_How to complete this task_. The expected answer is the set of lines in the data below between the line holding "KT's wrong wrongity" and the line holding "С 19 по 23 октября", inclusive, written out exactly.

_Dataset content_.

══════

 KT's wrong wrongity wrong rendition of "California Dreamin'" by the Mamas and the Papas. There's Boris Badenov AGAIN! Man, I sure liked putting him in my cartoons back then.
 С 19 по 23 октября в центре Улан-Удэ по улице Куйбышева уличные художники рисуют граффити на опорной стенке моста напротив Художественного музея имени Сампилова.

══════

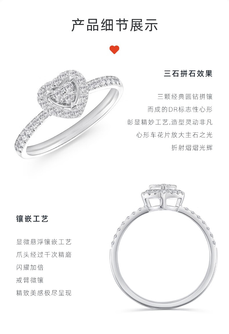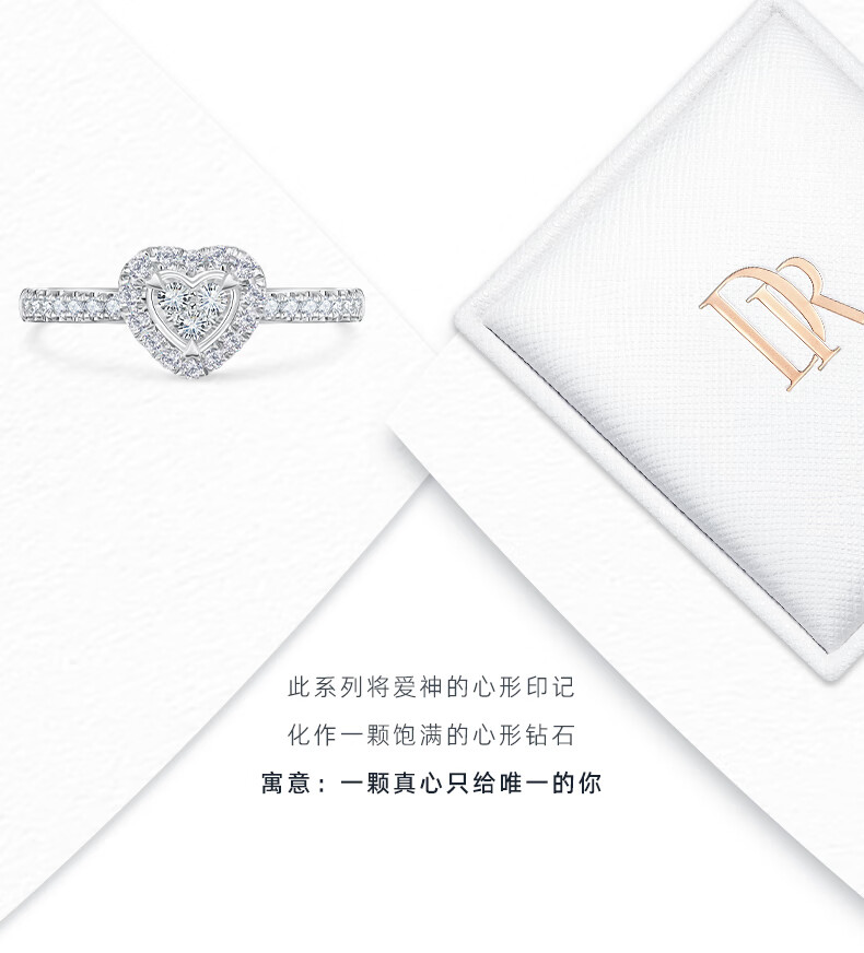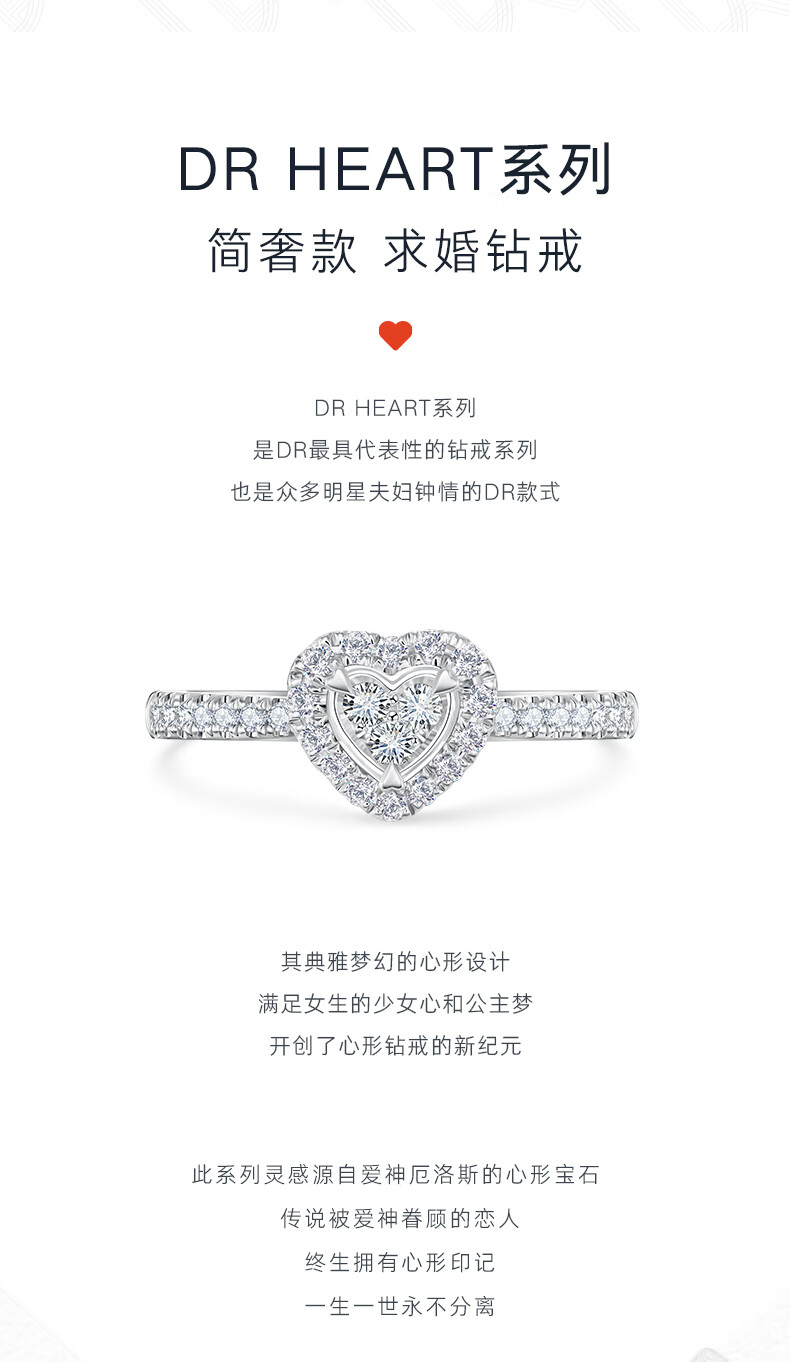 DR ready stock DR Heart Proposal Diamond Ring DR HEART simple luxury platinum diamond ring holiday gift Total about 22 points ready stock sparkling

══════

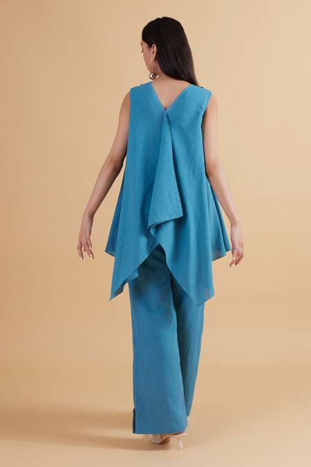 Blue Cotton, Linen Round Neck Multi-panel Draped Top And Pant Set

══════

_Answer section_.
 KT's wrong wrongity wrong rendition of "California Dreamin'" by the Mamas and the Papas. There's Boris Badenov AGAIN! Man, I sure liked putting him in my cartoons back then.
 С 19 по 23 октября в центре Улан-Удэ по улице Куйбышева уличные художники рисуют граффити на опорной стенке моста напротив Художественного музея имени Сампилова.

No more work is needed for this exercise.